LeetCode problem brushing - algorithm learning plan (Introduction)

Title Description

Introduction of ideas

If the linked list is bidirectional, reversing the linked list is very simple. You only need to exchange the forward pointer and backward pointer. But now the topic specifies a single linked list, how to reverse it? In fact, it is also to flip the direction of the backward pointer, such as changing 1 - > 2 - > 3 - > null to 3 - > 2 - > 1 - > null, but the direction of the linked list pointer has changed.

We can define a linked list pointer pre to point to the previous node of the current linked list node (cur to the current node), and then define a linked list pointer next to point to the next node of cur.
At the beginning, pre points to NULL, cur points to the header node, and next points to the next node of the header node; Then enter a cycle (the cycle condition is that cur is not empty).
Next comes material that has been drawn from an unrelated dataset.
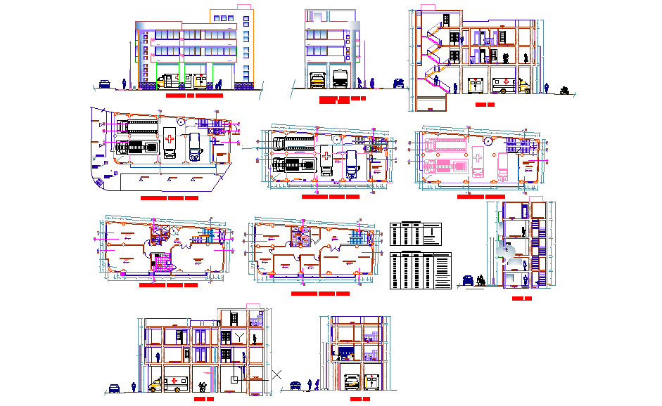 In addition to the plans, the project includes section details and elevation views that illustrate the building’s vertical alignment, façade elements, and spatial proportions. These sections highlight room heights, structural components, ventilation routes, and natural lighting features important for patient care and staff workflow. This DWG plan is ideal for architects, civil engineers, and healthcare planners seeking a clear and detailed clinic layout with functional zoning and accurate technical detailing. It supports design presentation, approval processes, and construction coordination for medical facility development.

Each time, let the next point to cur - > next (temporarily store the next node); Then point cur - > next to pre. This step is exactly what we said earlier to flip the back of the linked list to the direction of the pointer; After reversing the linked list pointer, we also need to consider the next cycle, so we need to point pre to cur and cur to next, so the next cycle operation is the next node that is not reversed; When cur is empty, it means that it reaches the tail of the original linked list. At this time, pre points to the inverted head node.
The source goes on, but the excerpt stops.